Central to the alleged “anticompetitive scheme” are Google Maps’ application programming interfaces, or APIs, which serve as the method for one computer to make use of, or “call,” the resources of another program or service, the suit says. By way of example, the case states that a programmer developing a food-delivery app or website that needs to guide drivers to customers, for instance, may call on the Google Maps API to create a digital dynamic map, or to add directions and provide navigation to a driver, and to add information about the restaurant.
Similarly, restaurants and other small businesses also rely on calling Google’s digital-mapping API to display location information, the complaint adds. Per the suit, embedding digital-mapping APIs into a website allows a customer to both locate a business without opening a separate app or web page and be sure that they are seeing the correct business.
“These are all crucial details when a customer is considering whether to patronize a small business, where even small friction can mean loss of a sale,” the case stresses.
The lawsuit says that although the costs of “calling” Google’s Maps APIs—$2 for 1,000 calls to the Maps Static API, $2 for 1,000 calls to the Maps JavaScript API, $5 for 1,000 calls to the Routes Directions API and $17 for 1,000 calls to the Places Place Details API—are small on their own, they add up quickly for small businesses and are often beyond the control of the purchaser. The suit notes that the costs small businesses pay ultimately depend on how often a user accesses or reloads a website.

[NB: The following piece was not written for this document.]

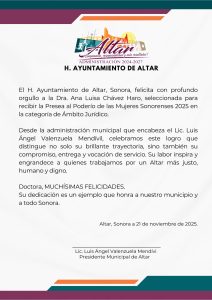 🔶El H. Ayuntamiento de Altar, Sonora, que preside el Alcalde Lic. Luis Angel Valenzuela Mendivil, felicita con profundo orgullo a la Dra. Ana Luisa Chávez Haro, seleccionada para recibir la Presea al Poderío de las Mujeres Sonorenses 2025 en la categoría de Ámbito Jurídico.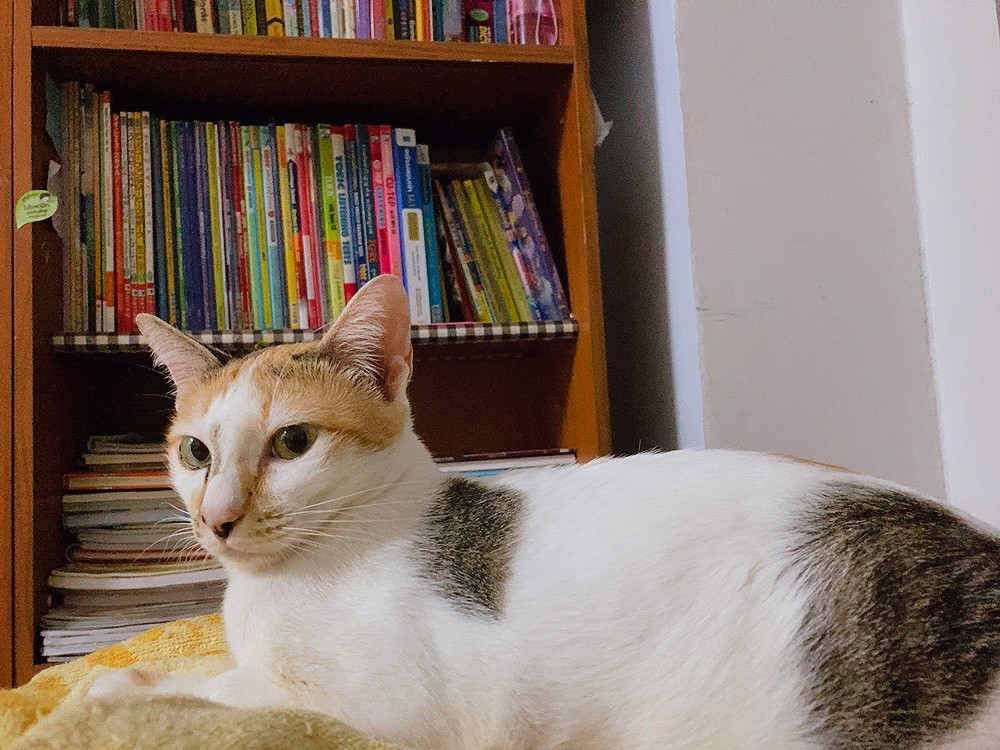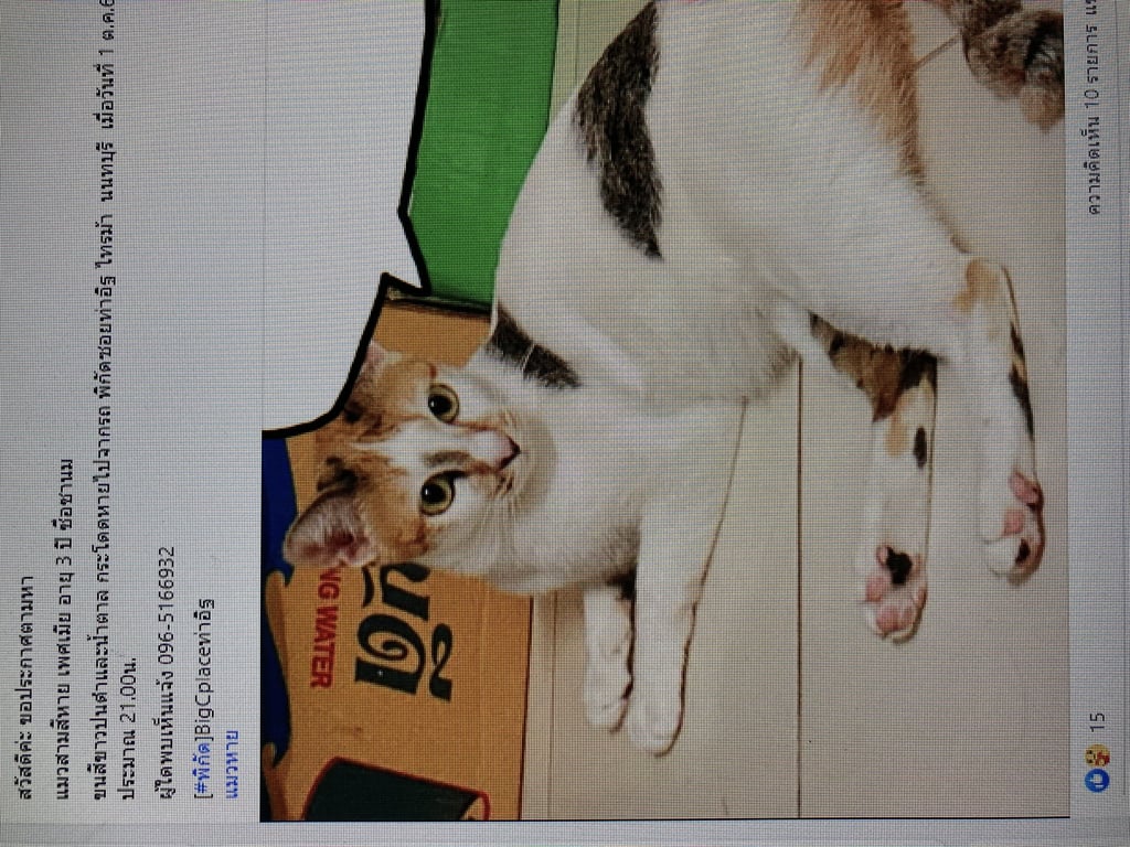 สี: แมวสามสี สีขาว มีดำปนน้ำตาล

Although Google for years offered a free tier for its digital-mapping APIs, the company during that time acquired potential competitors, such as Waze, the complaint says. Around May 2018, the company introduced a “pay-as-you-go” pricing plan for its core mapping APIs, reducing the number of free Maps API calls a client could make from 25,000 per day to around 930 per day, according to the case. The lawsuit says developers told the House Antitrust Subcommittee that the change amounted to a price increase of 1,400 percent.
The suit additionally alleges that Google’s terms of service prohibit customers from using any Google Maps API or component along with any API or component provided by any other digital-mapping service or provider.
“This unlawful tying and monopolistic behavior has resulted in concrete damages to app and website developers and all other direct users (or those who used them through a pass-through entity or website that passed all of the costs to them) of Google’s digital-mapping APIs, in part through anticompetitive price hikes, forcing users to purchase separate Google products,” the lawsuit alleges.
The plaintiffs, a California-based digital advertising company, a Texas-based app developer and a Pennsylvania online auto parts shop, say that their lawsuit is “not about punishing an innovative company that is reaping the rewards of its well-deserved success through large size and power,” but instead an effort to stop “a massive company” from engaging in tying and “monopolistic maintenance and exclusionary actions” with regard to certain products and services to stifle competition.
The case looks to represent all direct purchasers, app or website developers or other users of Google’s Maps APIs, Routes APIs or Places APIs who spent money or had their free-tier credits consumed more rapidly because of the “anticompetitive” allegations described here, as well as other types of users who “continue to experience anticompetitive harm” as a result of the alleged conduct.